TASK BRIEF: Write exactly the lines running from the start of the material below to the line that includes "图 6 教师赴优质学校开展学习研讨活动", and include no pictures.

INPUT DATA:

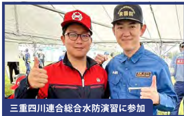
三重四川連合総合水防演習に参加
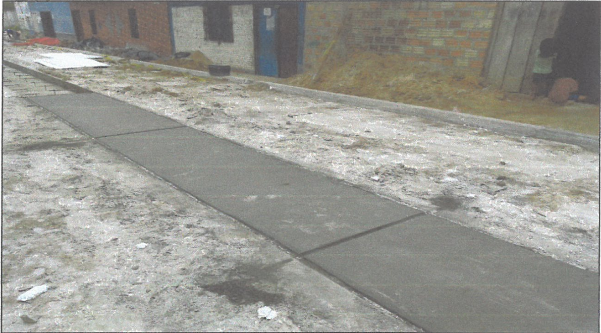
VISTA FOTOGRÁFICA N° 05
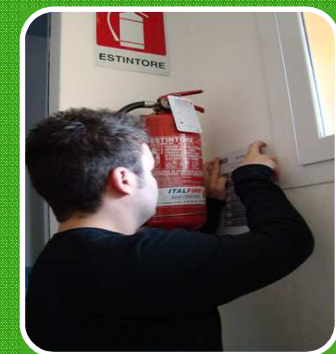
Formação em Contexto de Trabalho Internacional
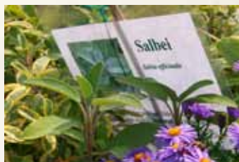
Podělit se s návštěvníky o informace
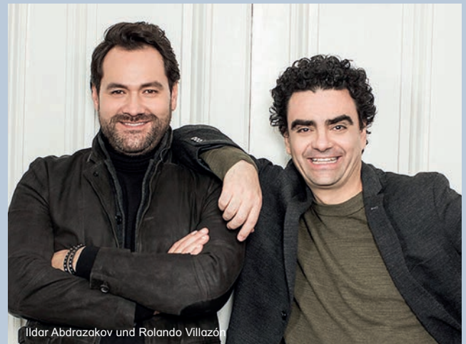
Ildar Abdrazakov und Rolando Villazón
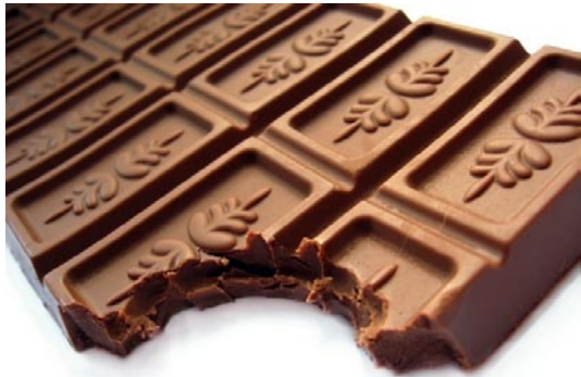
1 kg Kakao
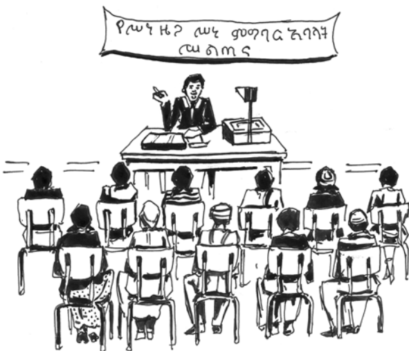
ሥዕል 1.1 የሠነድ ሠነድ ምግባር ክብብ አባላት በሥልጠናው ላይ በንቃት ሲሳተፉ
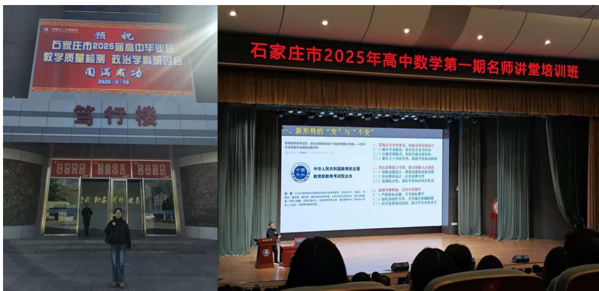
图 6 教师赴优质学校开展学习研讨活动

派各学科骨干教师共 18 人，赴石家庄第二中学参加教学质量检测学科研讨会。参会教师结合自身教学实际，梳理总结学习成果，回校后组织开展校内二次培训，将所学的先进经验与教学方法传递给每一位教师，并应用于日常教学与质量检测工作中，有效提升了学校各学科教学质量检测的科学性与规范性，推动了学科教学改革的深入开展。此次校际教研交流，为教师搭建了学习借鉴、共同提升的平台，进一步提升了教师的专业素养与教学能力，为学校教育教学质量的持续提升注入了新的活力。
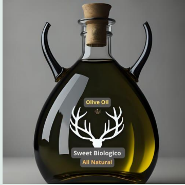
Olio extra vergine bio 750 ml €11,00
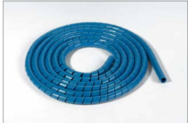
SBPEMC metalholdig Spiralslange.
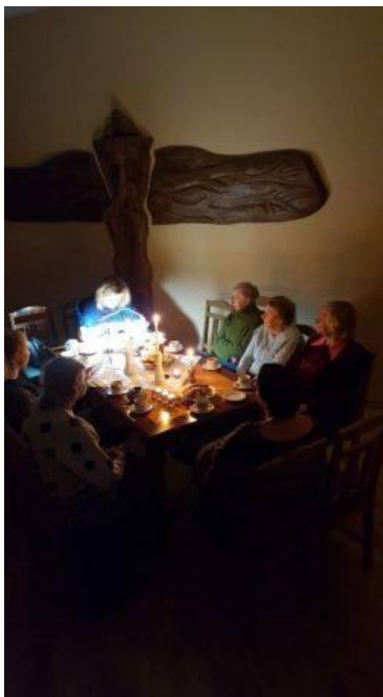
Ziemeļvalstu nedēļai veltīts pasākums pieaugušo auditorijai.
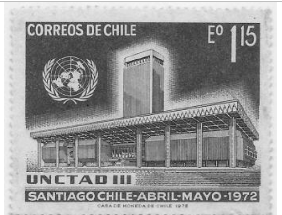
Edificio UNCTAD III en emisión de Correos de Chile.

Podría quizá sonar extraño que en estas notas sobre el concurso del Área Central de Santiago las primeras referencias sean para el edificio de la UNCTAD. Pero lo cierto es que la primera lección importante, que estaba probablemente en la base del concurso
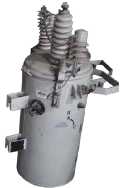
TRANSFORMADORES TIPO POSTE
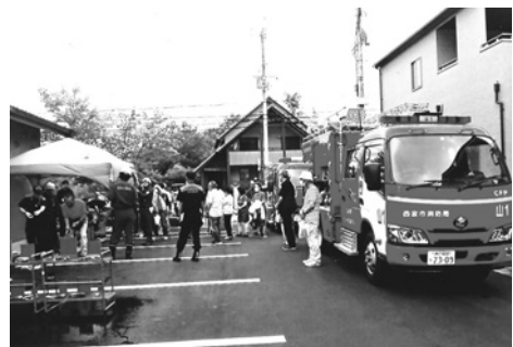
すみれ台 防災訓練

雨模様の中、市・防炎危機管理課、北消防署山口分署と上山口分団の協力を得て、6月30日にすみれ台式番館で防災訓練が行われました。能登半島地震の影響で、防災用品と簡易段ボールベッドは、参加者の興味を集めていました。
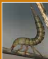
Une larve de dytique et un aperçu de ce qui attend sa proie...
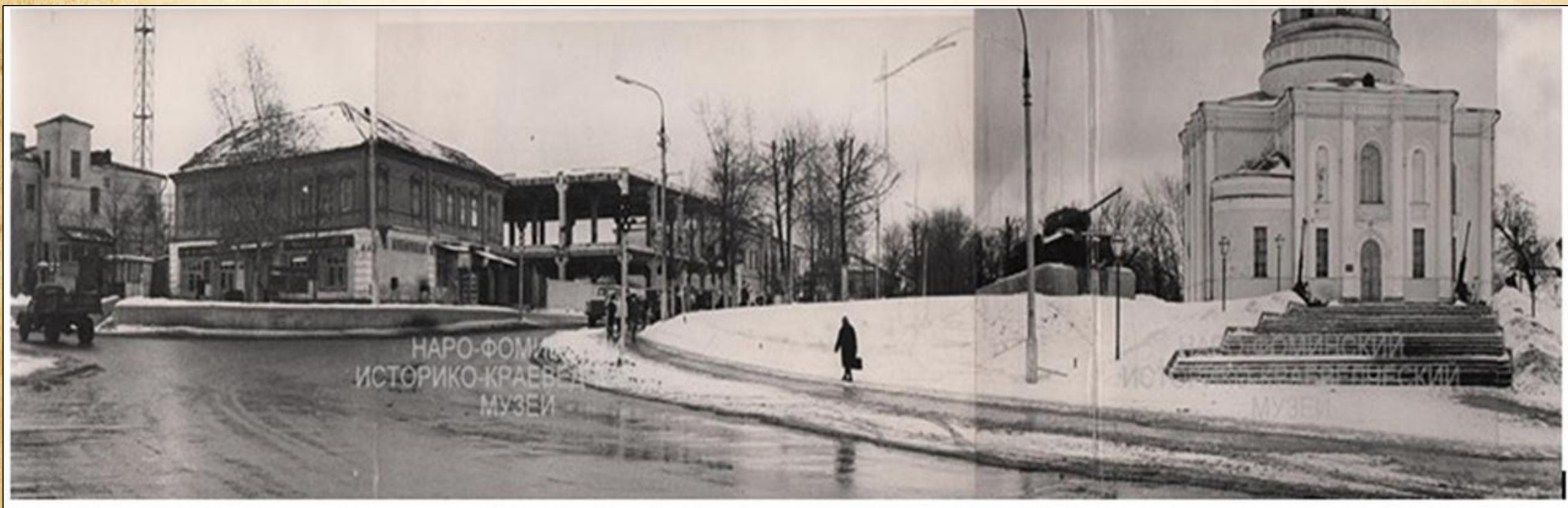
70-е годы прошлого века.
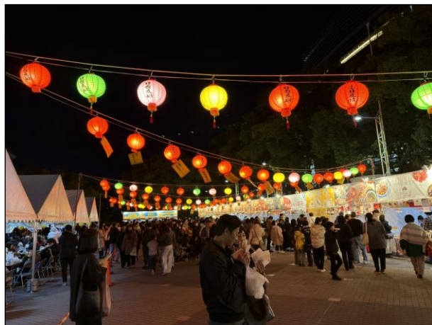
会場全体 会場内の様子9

RESPONSE:
三重四川連合総合水防演習に参加
VISTA FOTOGRÁFICA N° 05
Formação em Contexto de Trabalho Internacional
Podělit se s návštěvníky o informace
Ildar Abdrazakov und Rolando Villazón
1 kg Kakao
ሥዕል 1.1 የሠነድ ሠነድ ምግባር ክብብ አባላት በሥልጠናው ላይ በንቃት ሲሳተፉ
图 6 教师赴优质学校开展学习研讨活动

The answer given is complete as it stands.